I email my father: I’ll be home in a week. I’m coming to stay with him for a little while, before I move back to California. Can he pick me up at the airport? He writes back within minutes. He can’t believe how perfectly I timed my email. He had just been sitting down to write me. He misses me so much, can’t wait to see me, how long will I stay? Just a warning: His accountant has told him that the inheritance money is getting low and the remainder needs to be invested, blah blah blah (my father’s words), he’s not going to worry about it, he’s never agonized over money in his life and he’s never gone hungry. He’s started working as an electrician again, like he used to when he was practically still a kid — I knew that, didn’t I? (I didn’t.) He likes it better than film work, really. No ego. And pretty fucking good pay, considering.

Suriya bikes us home from the house with a computer. Too fast, perfect fast.

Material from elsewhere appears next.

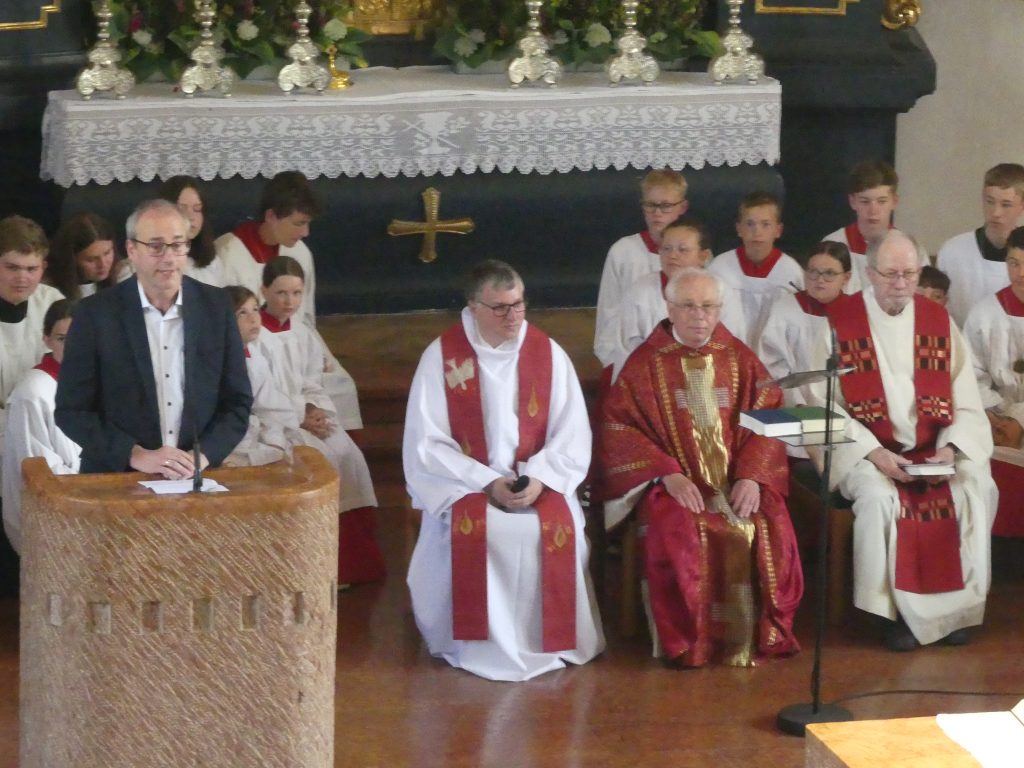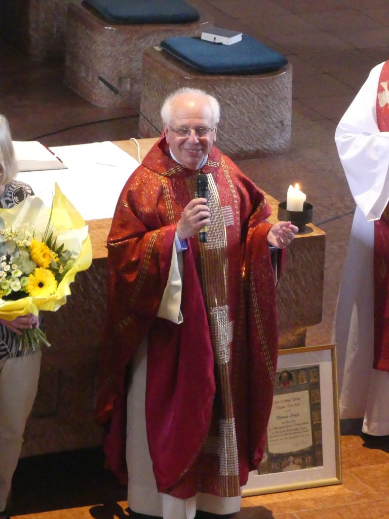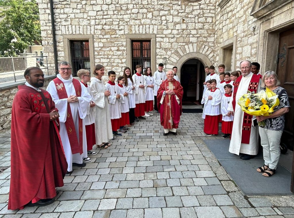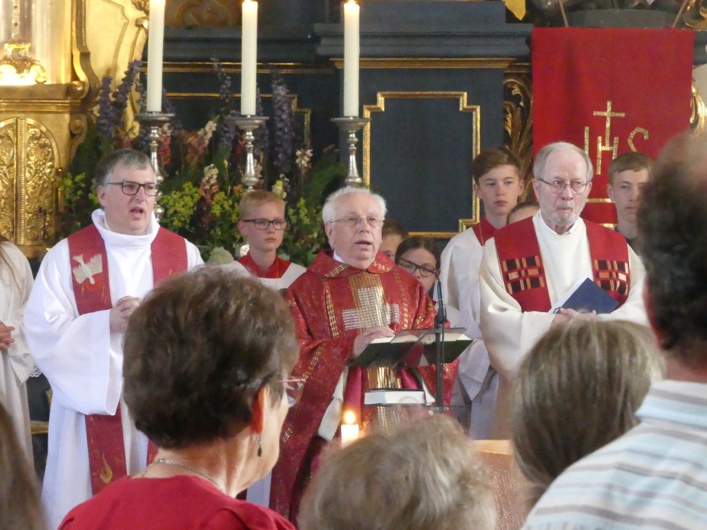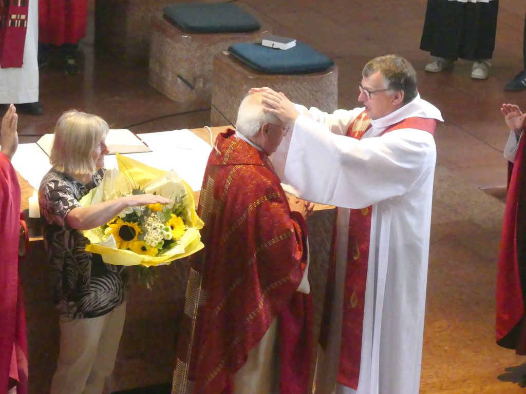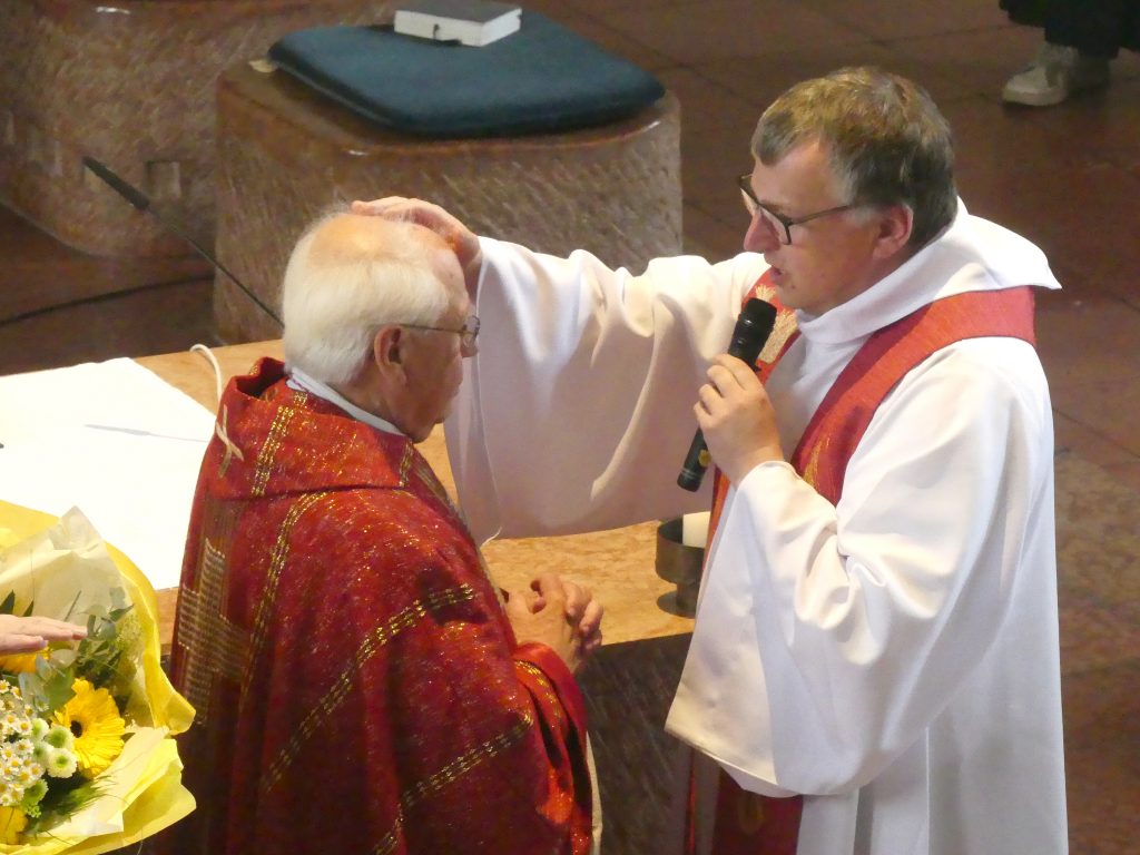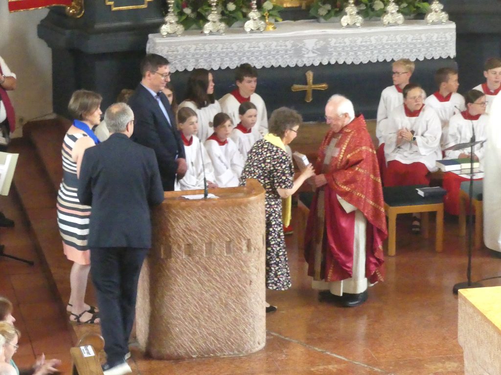 Mit einem feierlichen Dankgottesdienst beging die Stadtkirche Burglengenfeld das goldene Priesterjubiläum von Pfarrer i.R. Thomas Senft. Der Festgottesdienst wurde durch die Nachwuchsgruppe der Vitus-Musikkapelle gestaltet. In seiner Predigt erinnerte Prof. Dr. Hubert Windisch, wie wichtig es ist, dass die Priester auch geistliche Geistliche sein müssen. Die Laudatio am Ende der Eucharistiefeier hielt PGR-Sprecher Markus Heider. Im Namen des Pastoralteams überreichte Dekan Michael Hirmer Blumen an Haushälterin Amalie Rupprecht, als Dankeschön für die jahrelange Unterstützung von Pfarrer Senft. Diesem wurde ein päpstlicher Segen überreicht, den Papst Leo XIV. kurz nach seinem Amtsantritt für den Jubelpriester spendete. In diesen Segen stimmte die ganze Gottesdienstgemeinde ein, als Dekan Hirmer Pfarrer Senft die Hänge auflegte.

Suriya insists we visit a highly revered cave temple, to make a fruit offering to the gods in exchange for protecting me on my trip home. We make the two-hour trek by bus on a Saturday. The temple gates are frenzied with pilgrims buying lotus flowers, candles, and fruit platters. Suriya requests the largest platter and asks the harried fruit seller to fill it with rose apples, mangoes, bananas, pineapples. As the young woman deftly slices a pineapple and fans the pieces into floral arrangements, I wish I were buying this food as an offering to Suriya. Her family needs a beautiful plate of fresh produce much more than this famous temple that enjoys the government’s showy patronage. And it seems highly unlikely that any god will concern himself with my personal safety in exchange for a banana in the shape of a tulip.